July 8, 2012, 10:33 p.m. When Edward and Mary Weidenbener voted in Indiana's Republican primary in May, they didn't realize state law required them to bring government photo IDs, such as a driver's license or passport.
The husband and wife, both approaching 90, had to use temporary ballots that would be verified later, even though they knew the people working the polling site that day. Unaware that Indiana law obligated them to follow up with the county election board, the Weidenbeners votes' ultimately were rejected — news to them until a reporter recently informed them.
Edward Weidenbener, a World War II veteran who had voted for Mitt Romney in the Republican presidential contest, said he was surprised by the rules and the consequences.
"A lot of people don't have a photo ID. They'll be automatically disenfranchised," he said.

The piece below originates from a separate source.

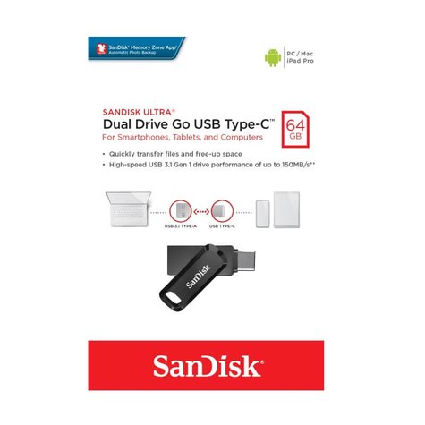 SanDisk 64GB Ultra Dual Drive Go USBC Flash Memory 150MB/s read Windows, Mac OS

As more states put in place strict voter ID rules, an Associated Press review of temporary ballots from Indiana and Georgia, which first adopted the most stringent standards, found that more than 1,200 such votes were tossed during the 2008 general election.
During sparsely attended primaries this year in Georgia, Indiana and Tennessee, the states implementing the toughest laws, hundreds more ballots were blocked.
More than two dozen states have an ID requirement, and 11 of those passed new rules over the last two years largely at the urging of Republicans who say they want to prevent fraud.
Democrats and voting rights groups fear that ID laws could suppress votes among people who may not typically have a driver's license, disproportionately affecting the elderly, the poor and minorities. Although the votes constitute a small percentage of the overall total, they could sway a close election.
A Republican leader in Pennsylvania said recently that the state's new ID law would allow Romney to win the state over President Obama.
Supporters of the laws cite anecdotal cases of fraud as a reason that states need to do more to secure elections, but fraud appears to be rare. As part of its effort to build support for voter ID laws, the Republican National Lawyers Assn. last year published a report that identified some 400 election fraud prosecutions over a decade across the country. That's not even one per state per year.
ID laws would not have prevented many of those cases because they involved vote-buying schemes in local elections or people who falsified voter registrations.
Election administrators and academics who monitor the issue said in-person fraud is rare because someone would have to impersonate a registered voter and risk arrest.
Michael Thielen, executive director of the Republican lawyers group, said its survey was not comprehensive and he believed vote fraud was a serious problem.
"Most of it goes unreported and unprosecuted," he said.
Yup, my grandmother never learned how to drive, and the only job she ever held was at the family restaurant business. She voted in plenty of elections before she got a photo ID (when she was in her 70s, and then only because she needed it to travel by plane to visit her daughter).
You can get a FREE gov't ID in many states. Take some personal responsibility and get one if you need one. If the Weidenbreners did not follow up with the county clerk's office as required (after being given a ballot and voted )-- that was not disenfrancisement. Didn't Jame O'Keefe do a sting operation by saying he was someone else and the were going to give him a ballot? Cook county has a well deserved reputation of the dead voting and in the 1960 election over 56 people from the same address voted (no, not an apartment building). I believe in voter ID - it prevents fraud. If this is a concern, then see that there are more FREE opportunities to obtain an ID and that people are aware of the requirement. Work with those that need an ID> How is this a problem for the poor if they need an ID to get welfare? Food stamps?
I saw a Simpson's episode where all of the dead animals in the pet cemetery voted. Thank goodness Lisa and Bart figured it out (well mostly Lisa). Voter ID would have totally prevented that.